------ Data in this exercise

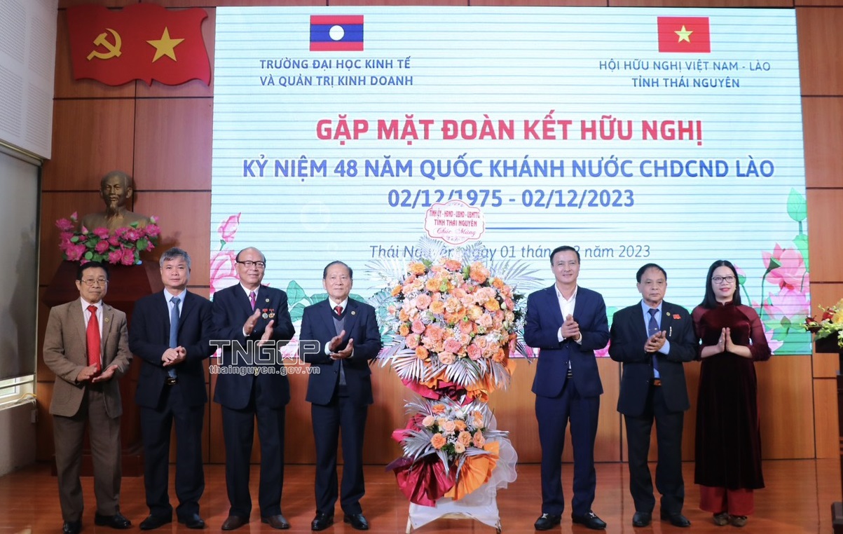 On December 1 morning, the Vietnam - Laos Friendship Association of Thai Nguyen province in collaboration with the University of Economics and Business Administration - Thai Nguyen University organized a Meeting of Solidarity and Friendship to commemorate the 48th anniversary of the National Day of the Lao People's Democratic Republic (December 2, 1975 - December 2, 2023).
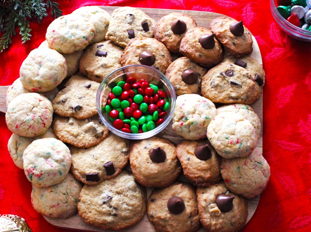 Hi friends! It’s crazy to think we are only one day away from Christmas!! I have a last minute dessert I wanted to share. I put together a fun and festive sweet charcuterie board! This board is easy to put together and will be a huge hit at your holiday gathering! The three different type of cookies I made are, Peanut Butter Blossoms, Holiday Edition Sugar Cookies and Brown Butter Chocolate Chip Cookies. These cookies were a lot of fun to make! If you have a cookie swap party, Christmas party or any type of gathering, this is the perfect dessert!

------------
------ Data in this exercise

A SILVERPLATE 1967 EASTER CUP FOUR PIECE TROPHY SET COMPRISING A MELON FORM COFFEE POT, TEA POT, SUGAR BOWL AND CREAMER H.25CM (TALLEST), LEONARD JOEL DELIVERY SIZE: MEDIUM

------------
------ Data in this exercise

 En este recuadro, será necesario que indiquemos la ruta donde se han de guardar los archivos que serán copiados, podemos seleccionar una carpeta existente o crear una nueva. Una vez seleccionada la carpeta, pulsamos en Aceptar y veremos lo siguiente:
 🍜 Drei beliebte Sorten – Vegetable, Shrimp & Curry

------------

▸ **What is expected**: Starting at the line that has "En este recuadro, será" and ending at the line that has "Shrimp & Curry", please write out the lines above exactly, leaving out all others.

▸ **Answer section**:
 En este recuadro, será necesario que indiquemos la ruta donde se han de guardar los archivos que serán copiados, podemos seleccionar una carpeta existente o crear una nueva. Una vez seleccionada la carpeta, pulsamos en Aceptar y veremos lo siguiente:
 🍜 Drei beliebte Sorten – Vegetable, Shrimp & Curry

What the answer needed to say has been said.